I feel your pain and can relate. I can't count the number of times on dating sites that I have messaged a woman soon after they join, missed their first round of men that they replied to (no doubt because my main profile pic wasn't good-looking enough, so they passed me up for the better-looking men who messaged them, not even reading my first message), traded messages with, and then met in person or went out with. And then later, when they finally got around to replying to my later message, following up with them and telling them I was still interested in them, they cry me a river about all the bad experiences they had with other men (undoubtedly ones who were better-looking and more impressive than me in their profiles) on that dating site and how they are leaving the site soon and giving up on meeting any more men from the site, etc. As if that is supposed to make me feel better that I got passed up by them when they were still interested in meeting men for dating and to make me feel it was "nothing personal" that they don't want to get to know me then or meet me.
Small consolation and more like a slap in the face, to be told that you're never going to get a chance to prove yourself worthy or compatible with that woman because you never measured up enough to make the first cut with them, so you have to accept that they passed you up then and are now not interested in seeing if you might have been a match for them if you had made the first round cut. I know, I sound like a pathetic doormat, but that is the fate of men who are average-looking or below in the competitive world of online dating. I have no doubt it is no better for women who are in the same league for looks. The only difference is that those women usually sit passively on the sidelines, being passed up by most men in favor of messaging the better-looking women, and they end up getting only a handful of messages per month on the dating site. Same result as the men, they end up meeting very few people in person from the dating site.
And I know full well, before anyone reminds me of it, that those seemingly shallow women who pass me up in their first round of messaging and meeting some of the men from the site are obviously not my type if they passed me up so casually, but it still doesn't take away from the fact that nobody who loves themselves and has some self esteem and self respect, doesn't feel some sadness or regret at being rejected by so many solely on the basis of looks, without even having their initial message read.
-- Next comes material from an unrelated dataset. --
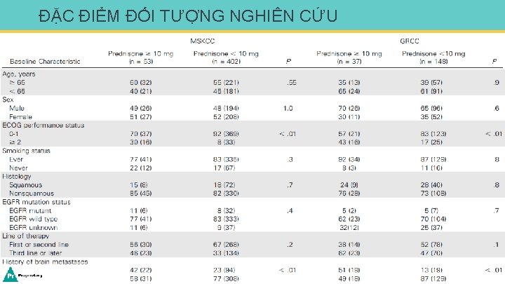 Phương pháp NC Memorial Sloan Kettering Cancer Center N=455 Gustave Roussy Cancer Center N=185 • NC hồi cứu • BN điều trị đơn trị với ức chế PD-1/PDL 1 • Đánh giá căn cứ trên báo cáo y khoa BN sử dụng >10 mg Steroid/ngày • • • ORR by Recist PFS OS từ khi bắt đầu điều trị Phân tích độc lập giữa 2 trung tâm • • • ORR by Recist PFS OS từ khi bắt đầu điều trị Published at jco. org on August 20, 2018.
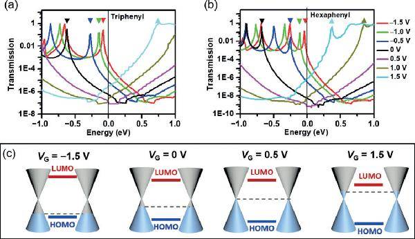 c) 在不同栅极电压下三苯基和六苯基单分子晶体管中分子轨道相对于石墨烯费米能级匹配的能级图。

In my many years of a very few but long term intimate relationships, I have found they are full of drama, sadness, disappointment, jealousy and not there when needed the most.
In my one year of platonic relationships, I've found them to be respectful, fun, helpful, carefree and drama free. Just having a good time and we all go home at the end of the day!
I "get" and have enjoyed both with women. I think that Gwen's comment below is pertinent.
What do you mean you don’t get them? Can you explain further?
Does he mean that he's from "Rent a Crowd - cardboard people"?